-- Work instructions --
Everything in the entries below must be output exactly, apart from the pictures.

-- Records provided --
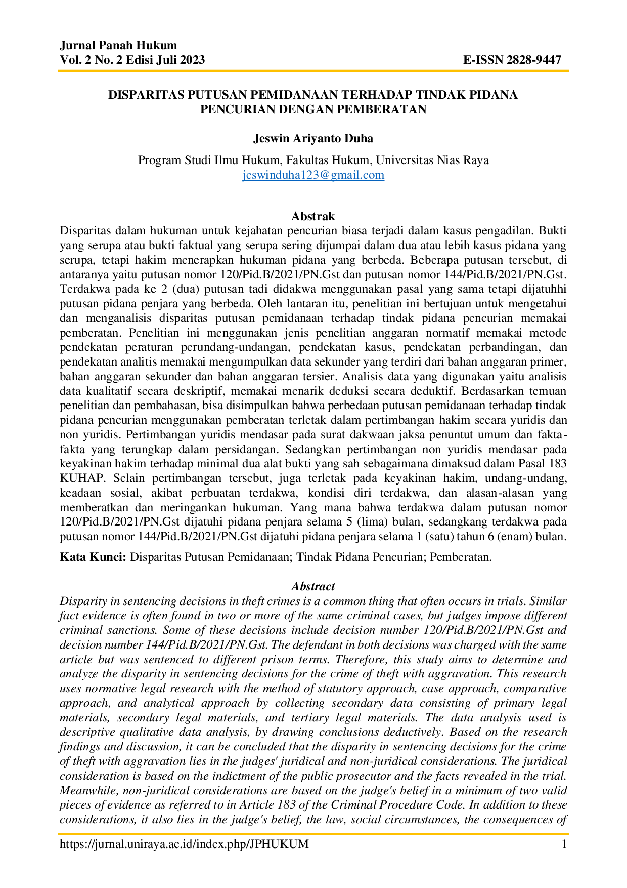 Jurnal Panah HukumJurnal Panah HukumDisparitas dalam hukuman untuk kejahatan pencurian biasa terjadi dalam kasus pengadilan. Bukti yang serupa atau bukti faktual yang serupa sering dijumpai dalam dua atau lebih kasus pidana yang serupa, tetapi hakim menerapkan hukuman pidana yang berbeda. Beberapa putusan tersebut, di antaranya yaitu putusan nomor 120/Pid.B/2021/PN.Gst dan putusan nomor 144/Pid.B/2021/PN.Gst. Terdakwa pada ke 2 (dua) putusan tadi didakwa menggunakan pasal yang sama tetapi dijatuhhi putusan pidana penjara yang berbeda. Oleh lantaran itu, penelitian ini bertujuan untuk mengetahui dan menganalisis disparitas putusan pemidanaan terhadap tindak pidana pencurian memakai pemberatan. Penelitian ini menggunakan jenis penelitian anggaran normatif memakai metode pendekatan peraturan perundang-undangan, pendekatan kasus, pendekatan perbandingan, dan pendekatan analitis memakai mengumpulkan data sekunder yang terdiri dari bahan anggaran primer, bahan anggaran sekunder dan bahan anggaran tersier. Analisis data yang digunakan yaitu analisis data kualitatif secara deskriptif, memakai menarik deduksi secara deduktif.
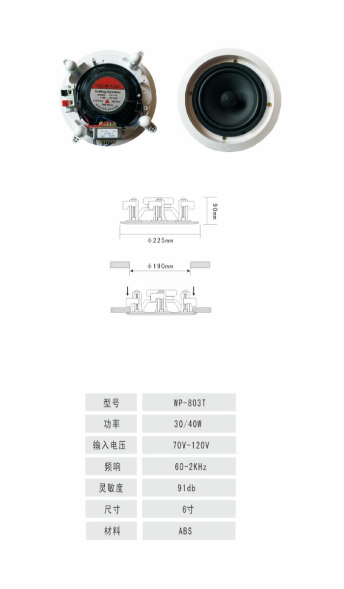 WP-803T定压吸顶天花喇叭
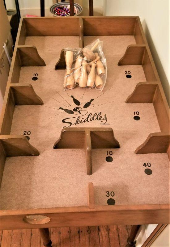 Vintage SKIDDLES GAME - also called Stick bowling - seems to be complete. Good vintage condition. Measures 28.5" x 16".
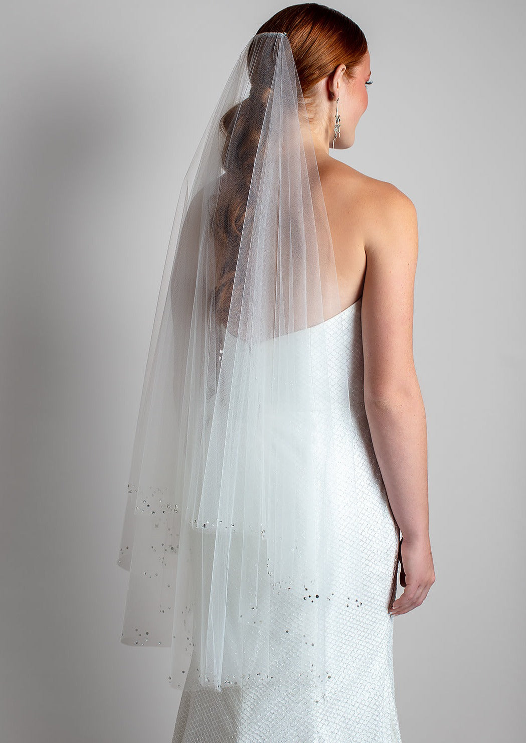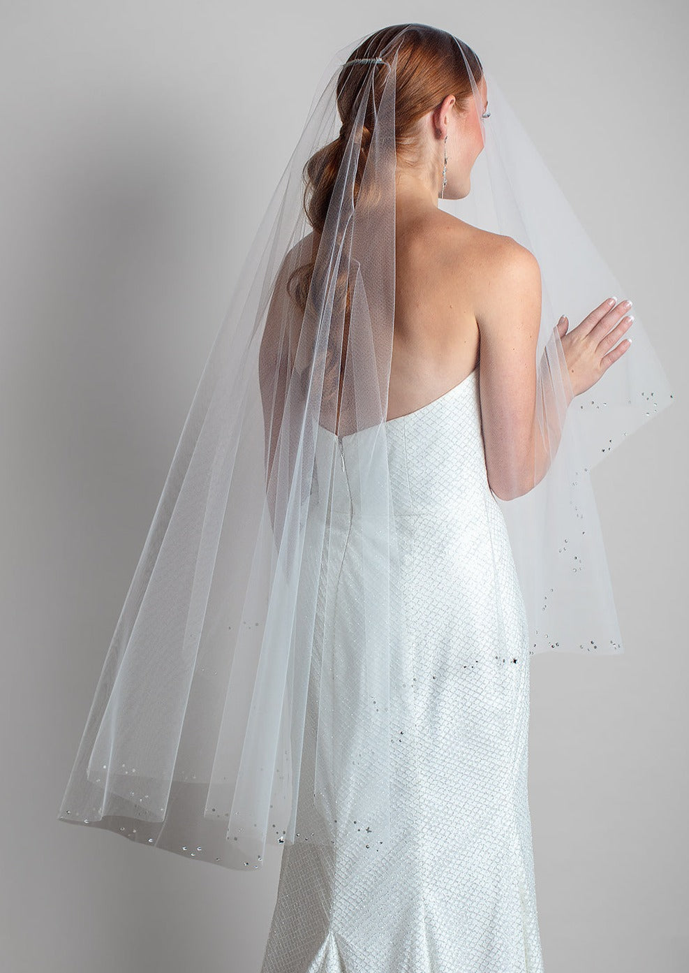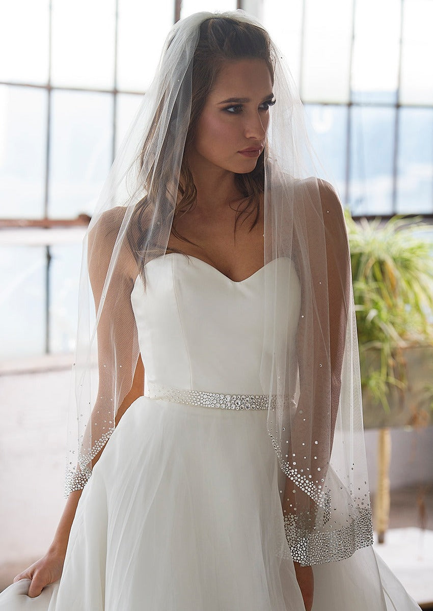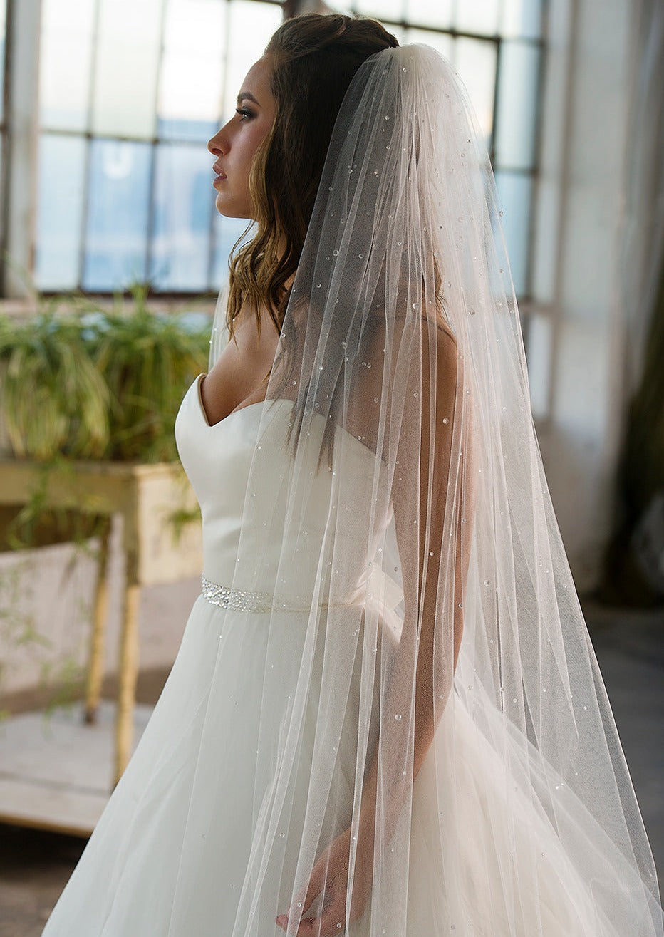 Cathedral Wedding Veil with Austrian Pearl bows placed along the border
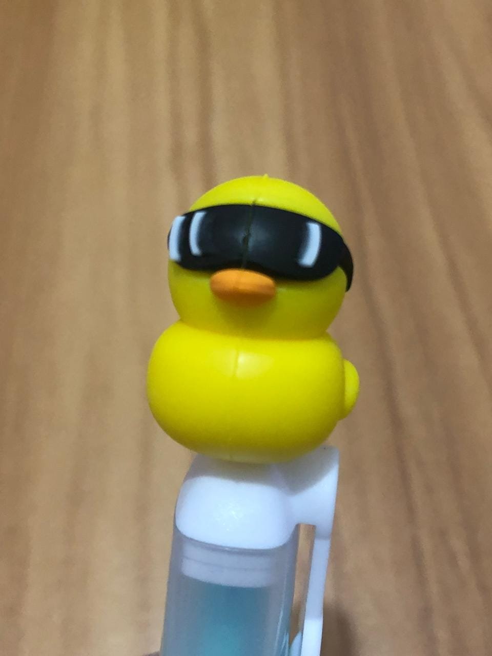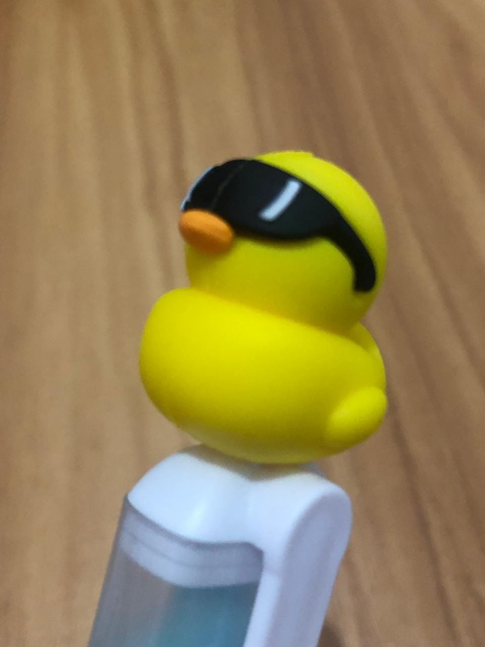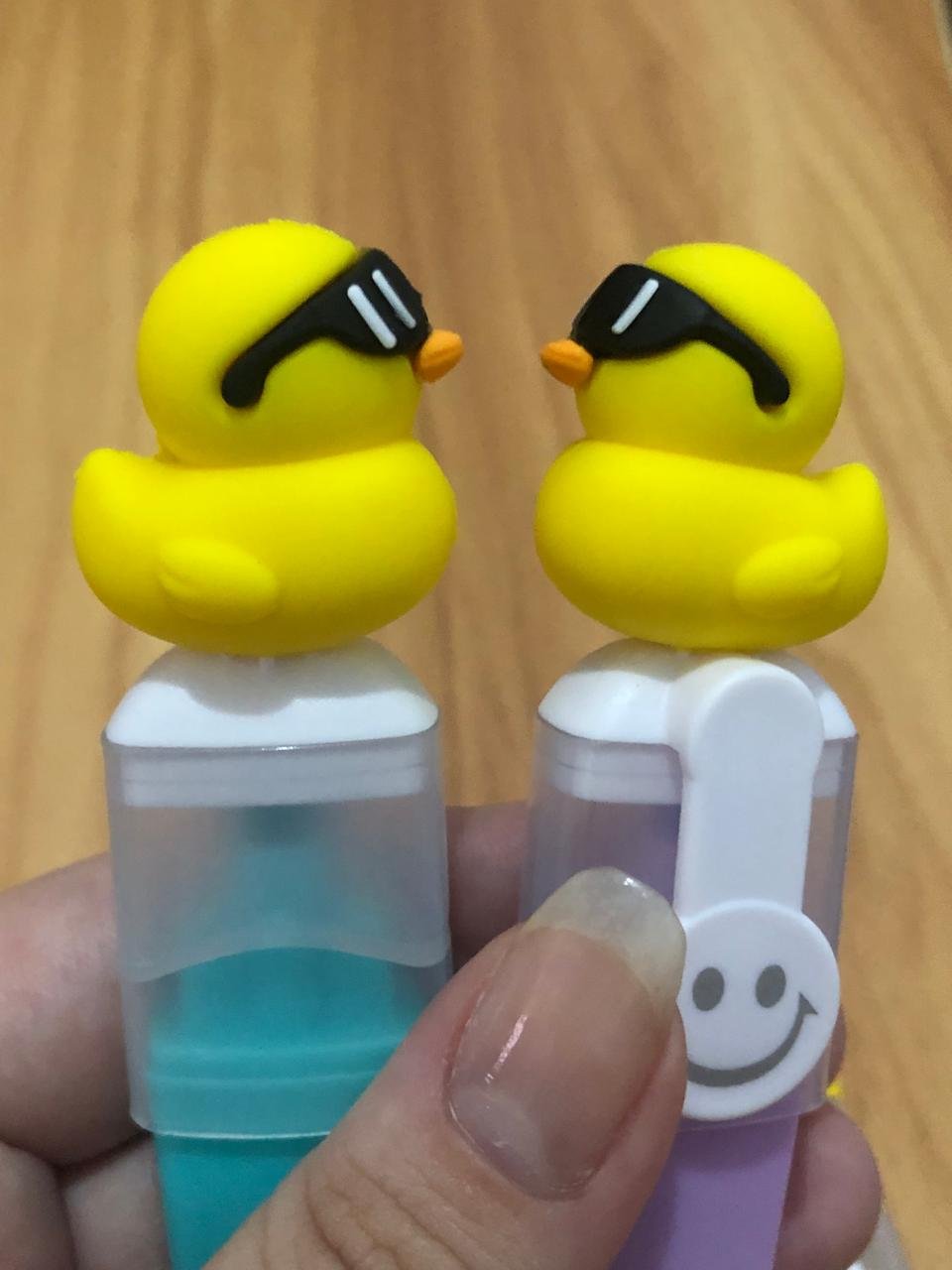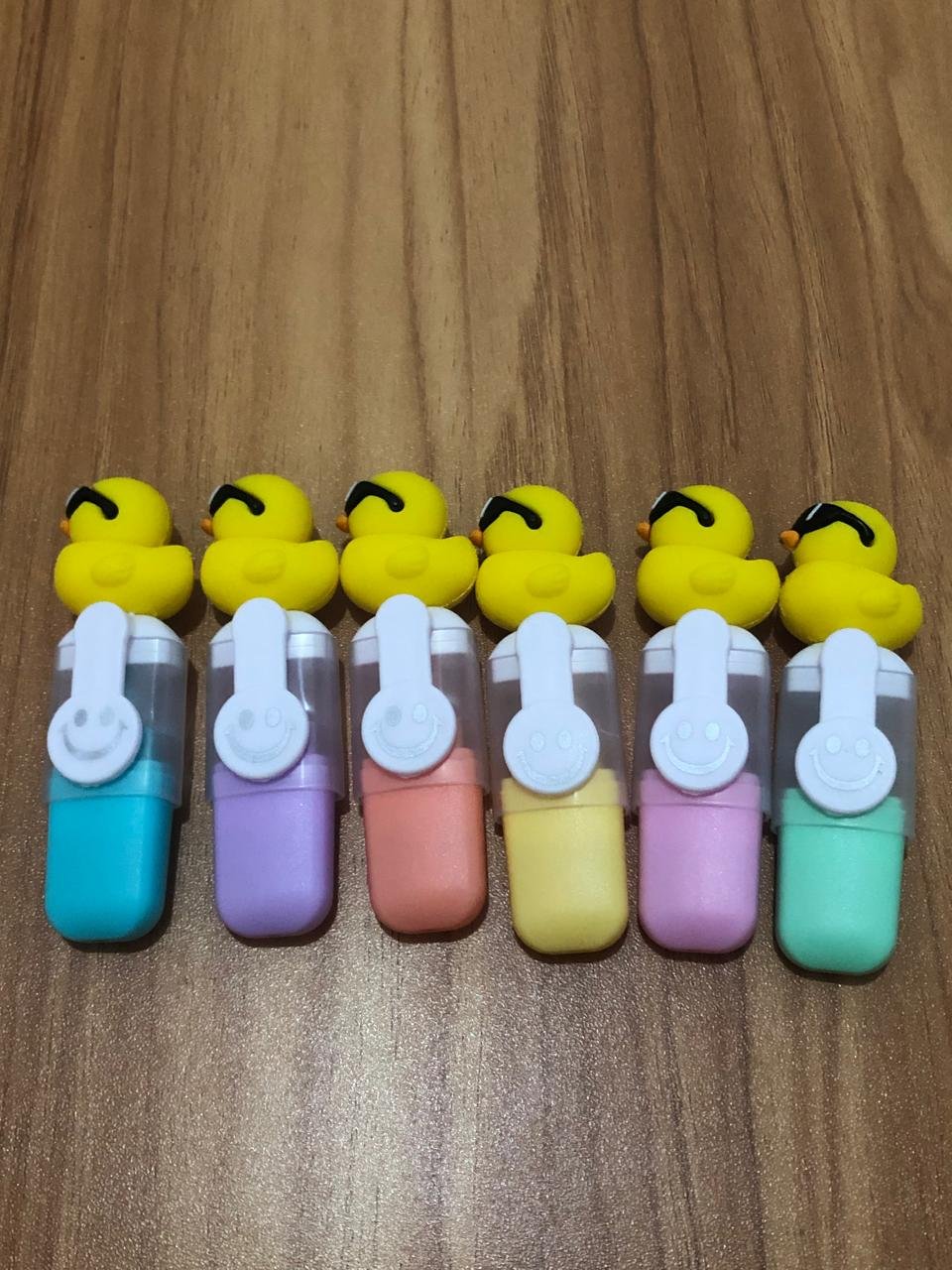 Um detalhe encantador é que cada marcador tem uma tampa decorada com um pato amarelo de óculos de sol pretos, dando um toque divertido e estiloso ao conjunto.
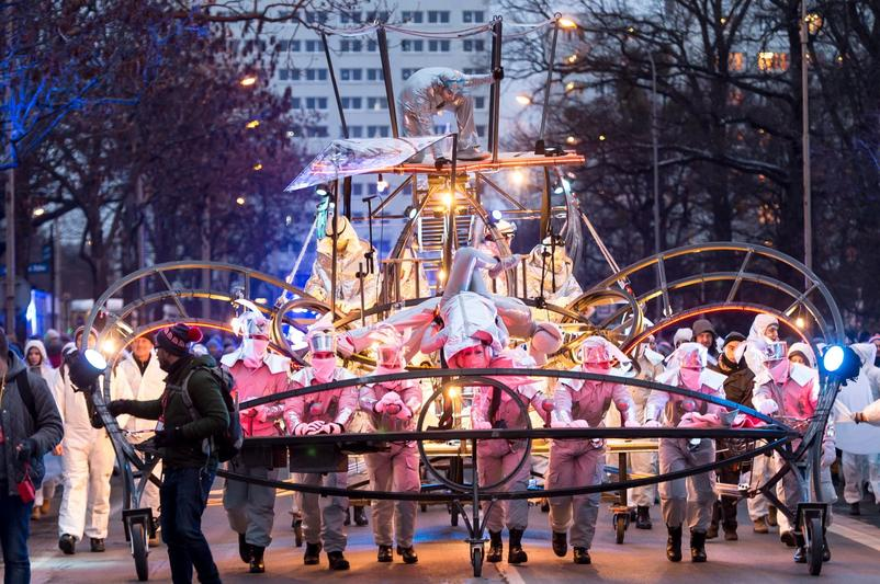 Чотири процесії зустрілися в центрі, де за кілька хвилин металеві конструкції, які вони несли, перетворилися на одну гігантську інсталяцію. Враження від побаченого глядачами посилювали світлові візуальні ефекти на розташованих поруч багатоквартирних будинках, і це була лише частина грандіозного шоу. У фіналі з вежі ратуші спустилися ангели – переодягнені актори, а з вікон будинків пролунала жива музика – грали представники військових духових оркестрів.

-- Reply --
 Jurnal Panah HukumJurnal Panah HukumDisparitas dalam hukuman untuk kejahatan pencurian biasa terjadi dalam kasus pengadilan. Bukti yang serupa atau bukti faktual yang serupa sering dijumpai dalam dua atau lebih kasus pidana yang serupa, tetapi hakim menerapkan hukuman pidana yang berbeda. Beberapa putusan tersebut, di antaranya yaitu putusan nomor 120/Pid.B/2021/PN.Gst dan putusan nomor 144/Pid.B/2021/PN.Gst. Terdakwa pada ke 2 (dua) putusan tadi didakwa menggunakan pasal yang sama tetapi dijatuhhi putusan pidana penjara yang berbeda. Oleh lantaran itu, penelitian ini bertujuan untuk mengetahui dan menganalisis disparitas putusan pemidanaan terhadap tindak pidana pencurian memakai pemberatan. Penelitian ini menggunakan jenis penelitian anggaran normatif memakai metode pendekatan peraturan perundang-undangan, pendekatan kasus, pendekatan perbandingan, dan pendekatan analitis memakai mengumpulkan data sekunder yang terdiri dari bahan anggaran primer, bahan anggaran sekunder dan bahan anggaran tersier. Analisis data yang digunakan yaitu analisis data kualitatif secara deskriptif, memakai menarik deduksi secara deduktif.
 WP-803T定压吸顶天花喇叭
 Vintage SKIDDLES GAME - also called Stick bowling - seems to be complete. Good vintage condition. Measures 28.5" x 16".
 Cathedral Wedding Veil with Austrian Pearl bows placed along the border
 Um detalhe encantador é que cada marcador tem uma tampa decorada com um pato amarelo de óculos de sol pretos, dando um toque divertido e estiloso ao conjunto.
 Чотири процесії зустрілися в центрі, де за кілька хвилин металеві конструкції, які вони несли, перетворилися на одну гігантську інсталяцію. Враження від побаченого глядачами посилювали світлові візуальні ефекти на розташованих поруч багатоквартирних будинках, і це була лише частина грандіозного шоу. У фіналі з вежі ратуші спустилися ангели – переодягнені актори, а з вікон будинків пролунала жива музика – грали представники військових духових оркестрів.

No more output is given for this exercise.